So Miss Devery set to work. She designed and made for Angelica an extraordinary dress of dark red jersey cloth that fitted her like a snake-skin, as she said. It was entirely plain and severe, with long sleeves and a skirt reaching to her ankles. It made her look lean, tall, and savage. Then she parted her hair in the middle and knotted it low on her neck, hung big gold earrings in her ears, and around her neck a string of cloudy pale-green beads reaching to her knees. When all this was done, she called in Miss Sillon.
"Now!" she said. "What, eh?"
"Barbaric," said Miss Sillon; "but Lord, how attractive the creature is! Seriously, though," she added, "do you think she fits in with our nice little quaintness? She’s positively terrible!"
"A new thing in milliners," said Miss Devery. "Sillon, I’m proud! She’s my masterpiece."
"Very well," said Miss Sillon. "We won’t touch her. She shall stand as you have made her; but, Angélique, my child, how you will have to design to keep up with your appearance!"
"I can do it," said Angelica firmly. "I’ve got some fine ideas."
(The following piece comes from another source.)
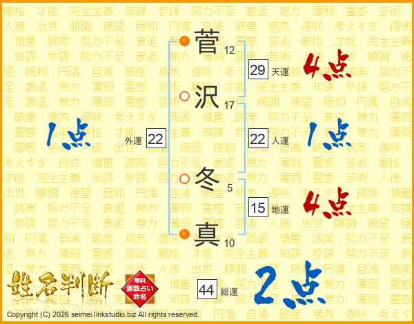 菅沢冬真さんの総運は44画の2点!

For what had she been doing of late but visiting the Public Library and studying the lives of all of Eddie’s magnificent women whom she could remember, and, from their portraits, gleaning the suggestions upon which she later worked?
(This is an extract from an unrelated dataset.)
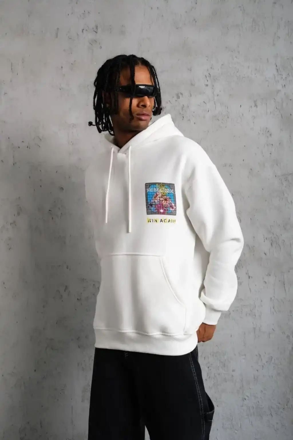 Erkek Patel Six Baskılı Kapüşonlu Sweat - Beyaz
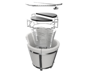 • een hoge RVS kolenmand met verdeelschot

She was supremely happy at her work. To sit sewing with Miss Devery and Miss Sillon all the morning, listening to their bright and jolly talk, and entering into it, was unfailing delight. They quite frankly admired her brains and her beauty, and treated her exactly as one of themselves. If they saw any difference, anything inferior in her, they concealed it.
Angelica felt that they didn’t know, that they imagined her to be of the same class as themselves. It didn’t occur to her that they didn’t care; that so long as she behaved herself with amiability and good sense, and was of value in their business, they were in no way concerned about her grammar or her table manners. She imagined that they were always looking for signs of good breeding, signs of bad breeding, little tricks she hadn’t learned yet. She used to read all that sort of thing in the women’s magazines, and she often discovered, to her deep distress, that she had been doing horrible things, even in the presence of Devery and Sillon. She had, for instance, put on her gloves in the street; she had said "phone" and "auto," and still they remained friendly.
They were a type entirely novel to her; she had not even read of their sort. Well-born and well-educated English-women, they had knocked about the world to an amazing extent. There was very little they didn’t know, although there was a very great deal they chose to ignore in life.